# [EXERCISE DETAILS]
Reproduce all the records word for word. Omit images.

# [AVAILABLE DATA]
--

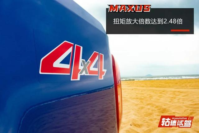 了解试驾车的越野性能后,当然要去试试真实力。此次试驾来到了日月湾的沙滩撒欢,刚开始确实玩得很高兴,可惜由于驾驶方法不恰当,加上试驾车配备公路轮胎,结果陷车了。此时上汽大通MAXUS T90的低速四驱功能派上用场了,这款车配备来自博格华纳的适时四驱模式,并支持2H/4H/4L手动调节,只需将挡位调到4L,控制好方向盘,缓慢加速,试驾车就能轻松脱困。
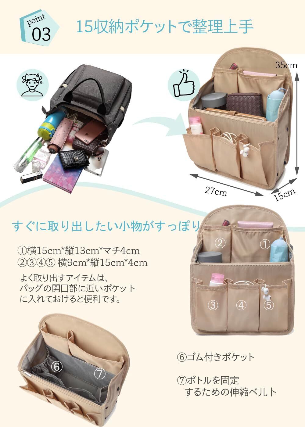 【様々な場所に大活躍】 作りがしっかりして多機能なので通勤の時だけでなく、買い物、ちょっとした旅行する時に収納バッグとしても大活躍です。携帯、手帳や化粧品など、すべての小物がきちんと直立して固定され、スムーズに取り出せます。
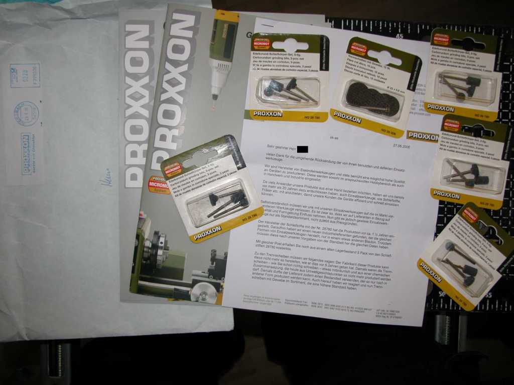 juhu...hab heute morgen post von PROXXON bekommen, die mit einem geschenkpaket auf meine beschwerde reagierten.
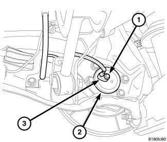 5. If equipped with a wheel speed sensor, Install the wheel speed sensor head (3) into the rear of the hub and bearing (2). Install the wheel speed sensor head mounting screw (1). Tighten the screw to 10 Nm (89 in. lbs.).
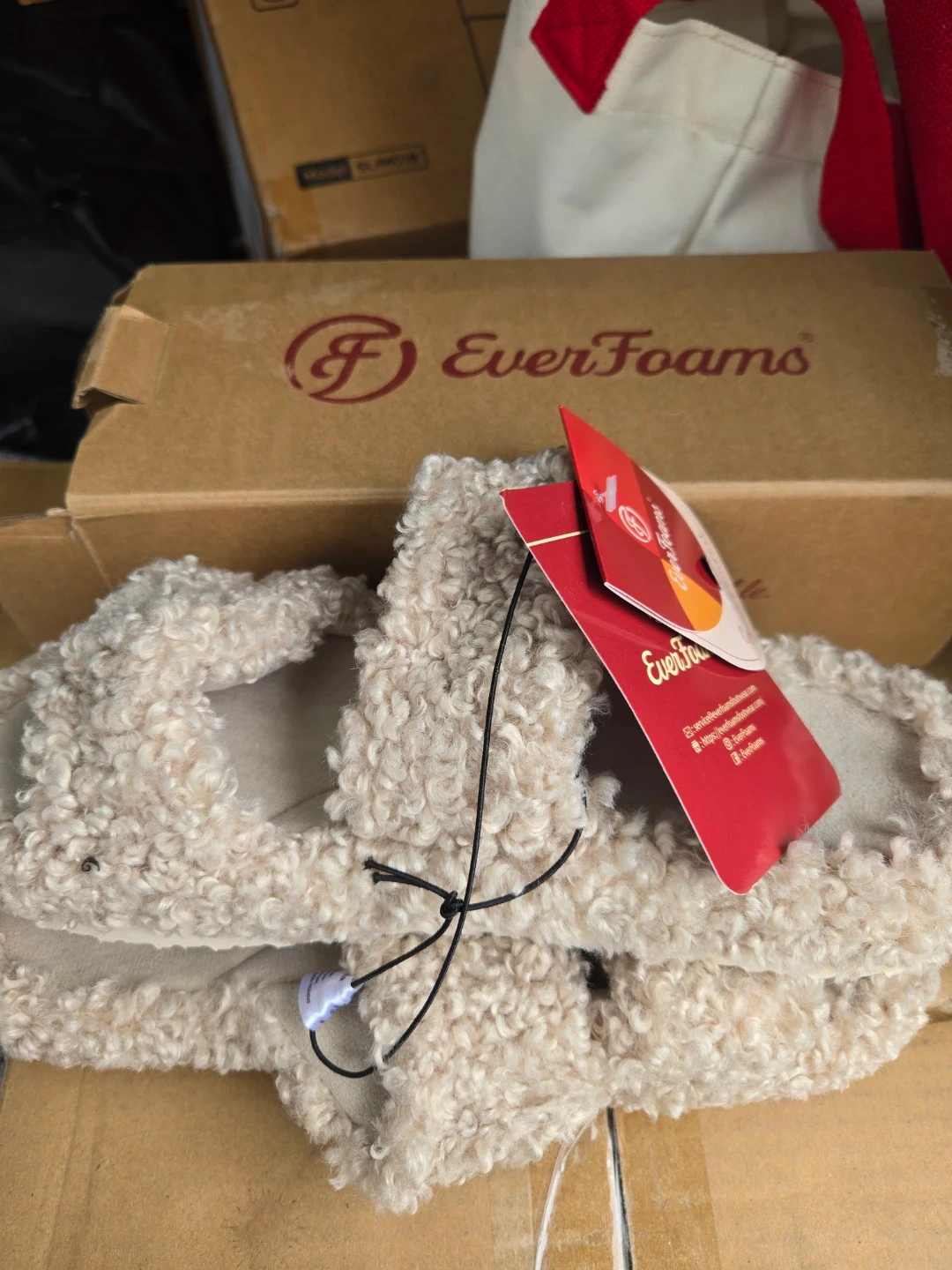 These fuzzy open-toe slippers from EverFoams are so cozy! They're made with a 100% polyester upper, insole, and lining. The outsole provides comfort for indoor wear. Great for lounging around the house!
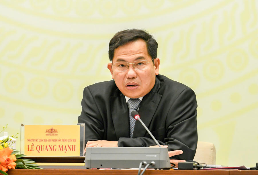 Chiều 3/4, Tổng Thư ký Quốc hội, Chủ nhiệm Văn phòng Quốc hội Lê Quang Mạnh chủ trì Họp báo về dự kiến chương trình Kỳ họp thứ Nhất, Quốc hội khóa XVI.
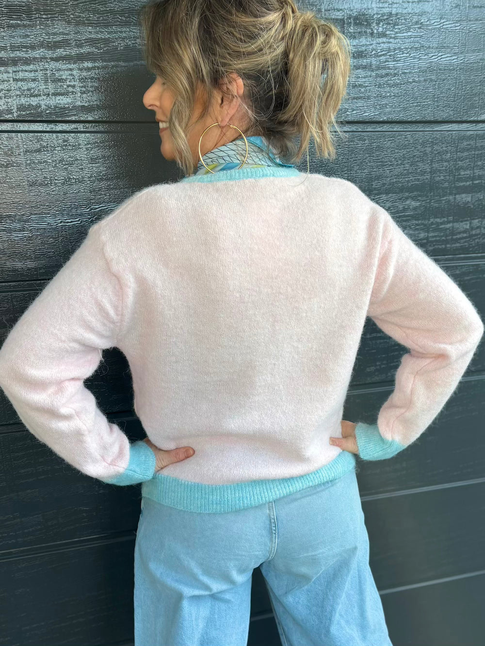 Vestje roze met blauwe bies
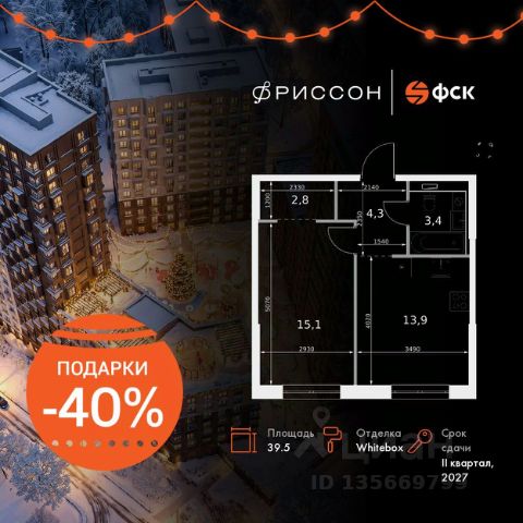 Прямая продажа от застройщика! Клубный дом бизнес-класса в самом сердце Казани, на улице Даурской. Продаётся 1-к квартира номер 60 общей площадью 39.5 кв.м. на 11-м этаже 20 этажного здания. Отделка Whitebox. Цена с учётом скидки. Особенности квартиры: - Мастер-зона с гардеробной. Просторное место для отдыха и удобного хранения вещей. - Просторная спальня, в которой можно разместить большую кровать. - Линейная планировка - максимальная функциональность и удобство. - Просторная кухня - место для семейных ужинов и кулинарных экспериментов. - Гардеробная - удобство для хранения и организации вещей. - Ниша под шкаф - компактное и удобное место для вещей. Квартира с предчистовой отделкой (White box). Вам не придется заниматься черновыми и трудоёмкими работы, а чистовую отделку и дизайн - сделайте на свой вкус. Информация о комплексе: "Фриссон" - клубный дом бизнес-класса в самом сердце Казани, на улице Даурской. Лейтмотивом проекта стала музыка - её сила, гармония и способность возвышать нас над повседневностью. Подобно нотам, рождающим бесконечное множество мелодий, квартиры в "Фриссоне" создают пространство для творчества, вдохновения и личного ритма жизни. Архитектура клубного дома словно симфония: переменная высота корпусов, выразительные фасады и динамика линий создают ощущение лёгкости и движения. Свет свободно проникает во внутренние дворы и квартиры, наполняя пространство теплом и гармонией. Здесь каждый день звучит по-своему - в унисон с вашим настроением. Транспортная доступность: - 5 мин. на машине до Метро Аметьево - 8 мин. на машине до ТЦ "KazanMall" - 3 мин. пешком до школы - 1 мин. пешком до Детского сада "Фриссон" - 3 мин. до поликлиники Внутренняя инфраструктура: Гармония уюта, ритма и комфорта. Для маленьких жителей комплекса предусмотрены детские площадки с элементами музыкальной тематики, где можно играть, исследовать мир звуков и развивать творческое мышление. На территории "Фриссона" разместится двухэтажный детский сад на 80 мест - современное и безопасное пространство, где дети всегда рядом с родителями. Закрытая территория, концепция "двор без машин" и круглосуточное видеонаблюдение обеспечивают спокойствие и безопасность жителей. В каждом подъезде предусмотрены колясочные, а во дворе - велопарковки, чтобы коляски, велосипеды и самокаты всегда были под рукой. На первых этажах корпусов расположатся кафе и магазины, делающие жизнь максимально удобной. Здесь всё продумано для того, чтобы дом стал местом вдохновения, а двор - пространством, наполненным радостью и энергией жизни.
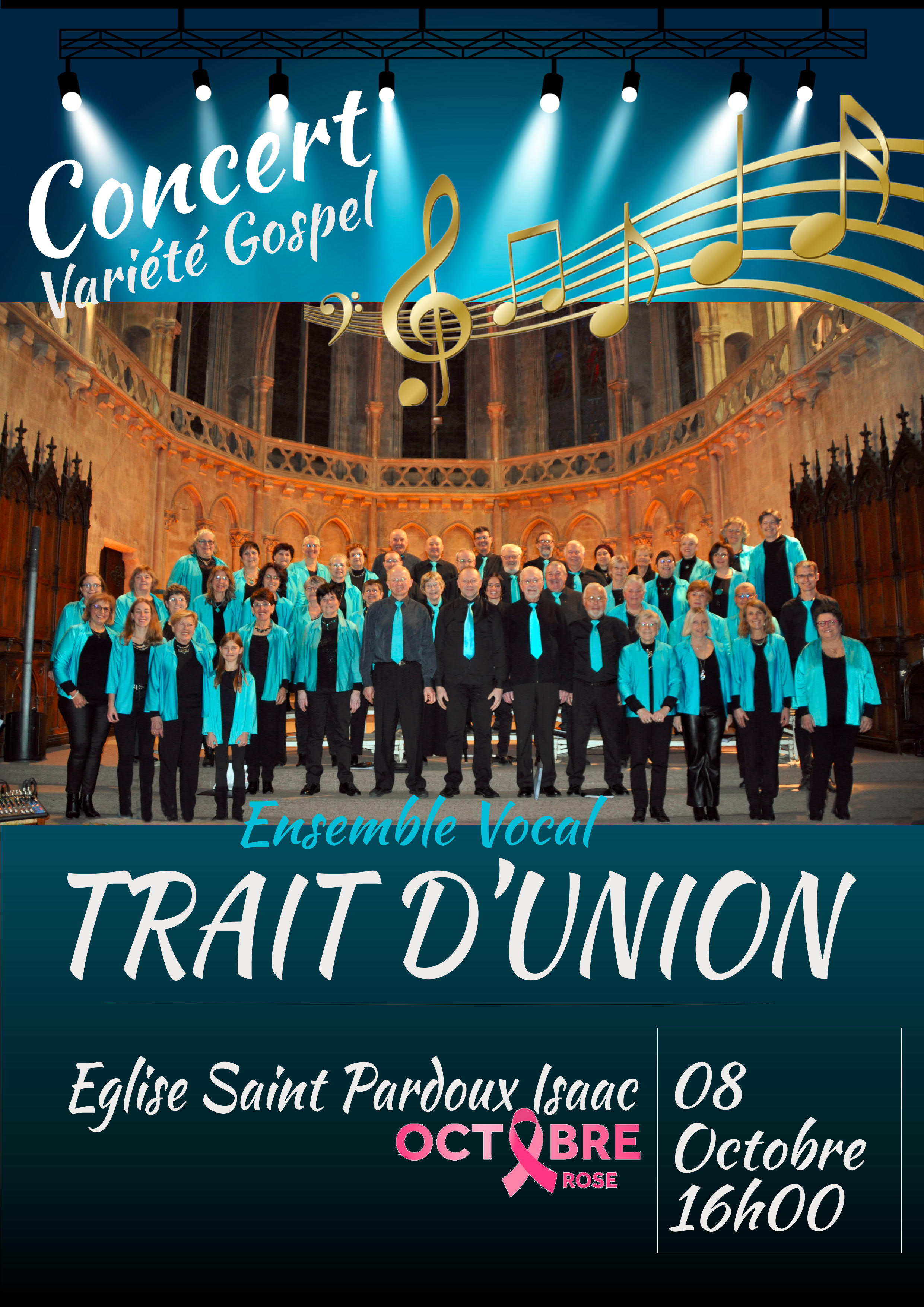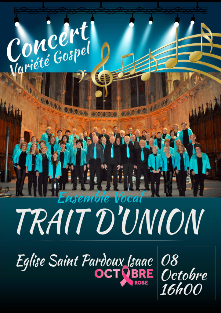 Concert Variétés et Gospel avec le groupe Trait d’Union, composé de 40 choristes.
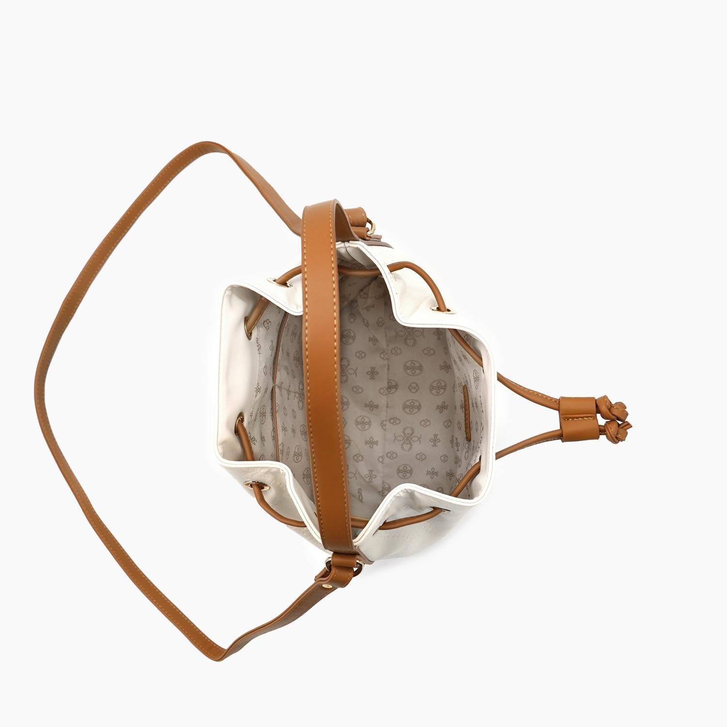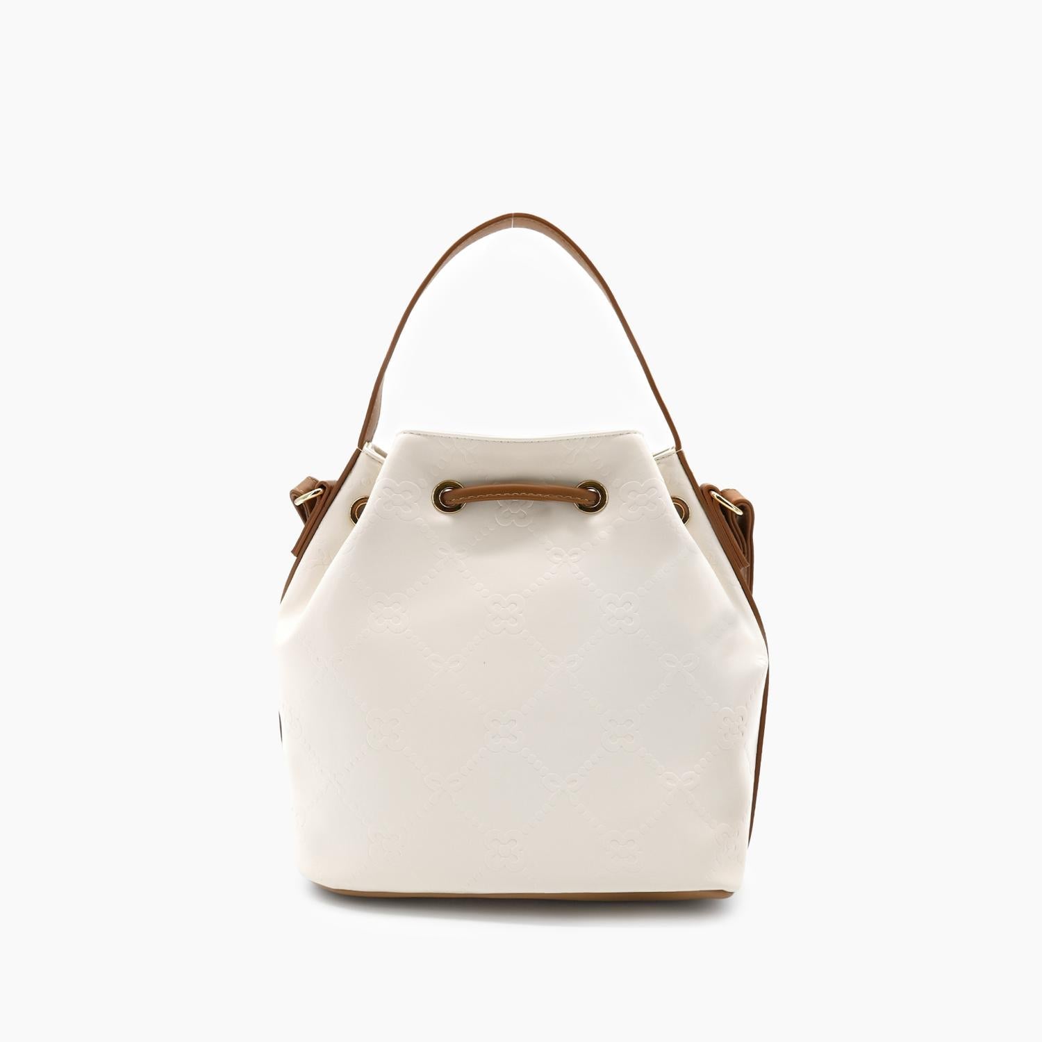 The crossbody bag is a trend that is here to stay and we especially love this style. Discover the Mirage Bucket Top Handle Crossbody Bag by Like Dreams in chic ivory, a versatile choice that adapts effortlessly to any occasion. Crafted from nylon, this stylish bag measures 11"W x 9.5"H x 4.75"D and features a 6" ring top handle and a 32" crossbody strap for easy carrying. The drawstring closure keeps your essentials safe, with a spacious main compartment, one inner wall zip pocket, and two inner slit pockets offering ample organization. Weighing in at just 14.07 oz, this bag is both practical and lightweight.
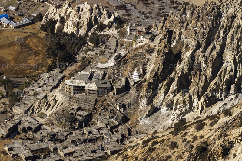 Азиатская горная деревня Брага (Брака) в Непале, Гималаи, заповедник Аннапурна
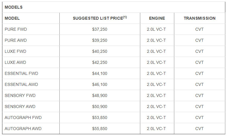 The 2020 QX50 is slated to arrive at dealerships this fall and pricing starts at $37,250 – a slight increase of $600.
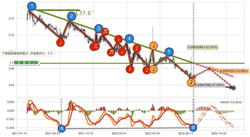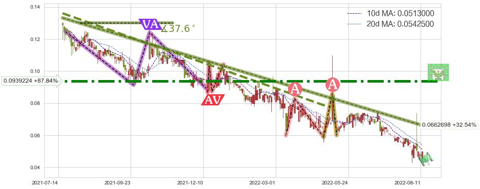 ♘ 在最后的下跌阶段2021-07-19至2022-08-12,存在 持续未破位的阻力位 ,阻力价格0.0662698,可信任强度88.58%,其距离最后价格0.0500000相差 +32.54%
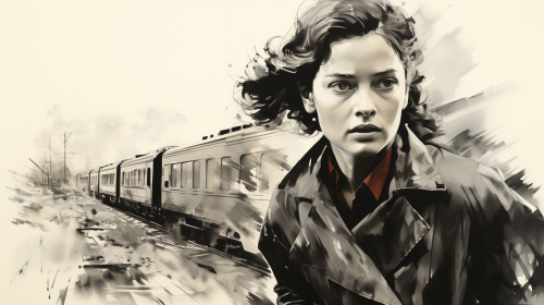 full figure, Rome 1943 a jew mother, resembling actress Charlotte Rampling, standing frightened, holding her 3-year-old son, wiyh hair cut very short in her arms, watching shocked a train departing from the Rome station, 1943, full figure painting with sepia ink , Enki Bilal style, black and white, depth of field, cinematic, 6k, --ar 16:9 --s 750
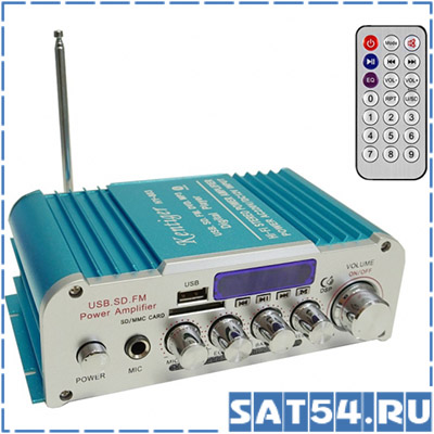 HY802 - это усилитель мощности звука выполненный в металлическом корпусе, предназначен для усиления мощности звукового сигнала в диапазоне частот от 20 до 20 000 Гц. Выполнен в виде самостоятельного устройства. Имеет большое количество регулировок, в числе которых эффекты эхо и реверберация. Есть поддержка FM. В приборе присутствуют слоты для USB и MicroSD флешек и вход 6,3 мм для микрофона. Приятным дополнением является пульт ду с которым вы сможете управлять устройством на расстоянии.

--

# [COMPLETED EXERCISE]
 了解试驾车的越野性能后,当然要去试试真实力。此次试驾来到了日月湾的沙滩撒欢,刚开始确实玩得很高兴,可惜由于驾驶方法不恰当,加上试驾车配备公路轮胎,结果陷车了。此时上汽大通MAXUS T90的低速四驱功能派上用场了,这款车配备来自博格华纳的适时四驱模式,并支持2H/4H/4L手动调节,只需将挡位调到4L,控制好方向盘,缓慢加速,试驾车就能轻松脱困。
 【様々な場所に大活躍】 作りがしっかりして多機能なので通勤の時だけでなく、買い物、ちょっとした旅行する時に収納バッグとしても大活躍です。携帯、手帳や化粧品など、すべての小物がきちんと直立して固定され、スムーズに取り出せます。
 juhu...hab heute morgen post von PROXXON bekommen, die mit einem geschenkpaket auf meine beschwerde reagierten.
 5. If equipped with a wheel speed sensor, Install the wheel speed sensor head (3) into the rear of the hub and bearing (2). Install the wheel speed sensor head mounting screw (1). Tighten the screw to 10 Nm (89 in. lbs.).
 These fuzzy open-toe slippers from EverFoams are so cozy! They're made with a 100% polyester upper, insole, and lining. The outsole provides comfort for indoor wear. Great for lounging around the house!
 Chiều 3/4, Tổng Thư ký Quốc hội, Chủ nhiệm Văn phòng Quốc hội Lê Quang Mạnh chủ trì Họp báo về dự kiến chương trình Kỳ họp thứ Nhất, Quốc hội khóa XVI.
 Vestje roze met blauwe bies
 Прямая продажа от застройщика! Клубный дом бизнес-класса в самом сердце Казани, на улице Даурской. Продаётся 1-к квартира номер 60 общей площадью 39.5 кв.м. на 11-м этаже 20 этажного здания. Отделка Whitebox. Цена с учётом скидки. Особенности квартиры: - Мастер-зона с гардеробной. Просторное место для отдыха и удобного хранения вещей. - Просторная спальня, в которой можно разместить большую кровать. - Линейная планировка - максимальная функциональность и удобство. - Просторная кухня - место для семейных ужинов и кулинарных экспериментов. - Гардеробная - удобство для хранения и организации вещей. - Ниша под шкаф - компактное и удобное место для вещей. Квартира с предчистовой отделкой (White box). Вам не придется заниматься черновыми и трудоёмкими работы, а чистовую отделку и дизайн - сделайте на свой вкус. Информация о комплексе: "Фриссон" - клубный дом бизнес-класса в самом сердце Казани, на улице Даурской. Лейтмотивом проекта стала музыка - её сила, гармония и способность возвышать нас над повседневностью. Подобно нотам, рождающим бесконечное множество мелодий, квартиры в "Фриссоне" создают пространство для творчества, вдохновения и личного ритма жизни. Архитектура клубного дома словно симфония: переменная высота корпусов, выразительные фасады и динамика линий создают ощущение лёгкости и движения. Свет свободно проникает во внутренние дворы и квартиры, наполняя пространство теплом и гармонией. Здесь каждый день звучит по-своему - в унисон с вашим настроением. Транспортная доступность: - 5 мин. на машине до Метро Аметьево - 8 мин. на машине до ТЦ "KazanMall" - 3 мин. пешком до школы - 1 мин. пешком до Детского сада "Фриссон" - 3 мин. до поликлиники Внутренняя инфраструктура: Гармония уюта, ритма и комфорта. Для маленьких жителей комплекса предусмотрены детские площадки с элементами музыкальной тематики, где можно играть, исследовать мир звуков и развивать творческое мышление. На территории "Фриссона" разместится двухэтажный детский сад на 80 мест - современное и безопасное пространство, где дети всегда рядом с родителями. Закрытая территория, концепция "двор без машин" и круглосуточное видеонаблюдение обеспечивают спокойствие и безопасность жителей. В каждом подъезде предусмотрены колясочные, а во дворе - велопарковки, чтобы коляски, велосипеды и самокаты всегда были под рукой. На первых этажах корпусов расположатся кафе и магазины, делающие жизнь максимально удобной. Здесь всё продумано для того, чтобы дом стал местом вдохновения, а двор - пространством, наполненным радостью и энергией жизни.
 Concert Variétés et Gospel avec le groupe Trait d’Union, composé de 40 choristes.
 The crossbody bag is a trend that is here to stay and we especially love this style. Discover the Mirage Bucket Top Handle Crossbody Bag by Like Dreams in chic ivory, a versatile choice that adapts effortlessly to any occasion. Crafted from nylon, this stylish bag measures 11"W x 9.5"H x 4.75"D and features a 6" ring top handle and a 32" crossbody strap for easy carrying. The drawstring closure keeps your essentials safe, with a spacious main compartment, one inner wall zip pocket, and two inner slit pockets offering ample organization. Weighing in at just 14.07 oz, this bag is both practical and lightweight.
 Азиатская горная деревня Брага (Брака) в Непале, Гималаи, заповедник Аннапурна
 The 2020 QX50 is slated to arrive at dealerships this fall and pricing starts at $37,250 – a slight increase of $600.
 ♘ 在最后的下跌阶段2021-07-19至2022-08-12,存在 持续未破位的阻力位 ,阻力价格0.0662698,可信任强度88.58%,其距离最后价格0.0500000相差 +32.54%
 full figure, Rome 1943 a jew mother, resembling actress Charlotte Rampling, standing frightened, holding her 3-year-old son, wiyh hair cut very short in her arms, watching shocked a train departing from the Rome station, 1943, full figure painting with sepia ink , Enki Bilal style, black and white, depth of field, cinematic, 6k, --ar 16:9 --s 750
 HY802 - это усилитель мощности звука выполненный в металлическом корпусе, предназначен для усиления мощности звукового сигнала в диапазоне частот от 20 до 20 000 Гц. Выполнен в виде самостоятельного устройства. Имеет большое количество регулировок, в числе которых эффекты эхо и реверберация. Есть поддержка FM. В приборе присутствуют слоты для USB и MicroSD флешек и вход 6,3 мм для микрофона. Приятным дополнением является пульт ду с которым вы сможете управлять устройством на расстоянии.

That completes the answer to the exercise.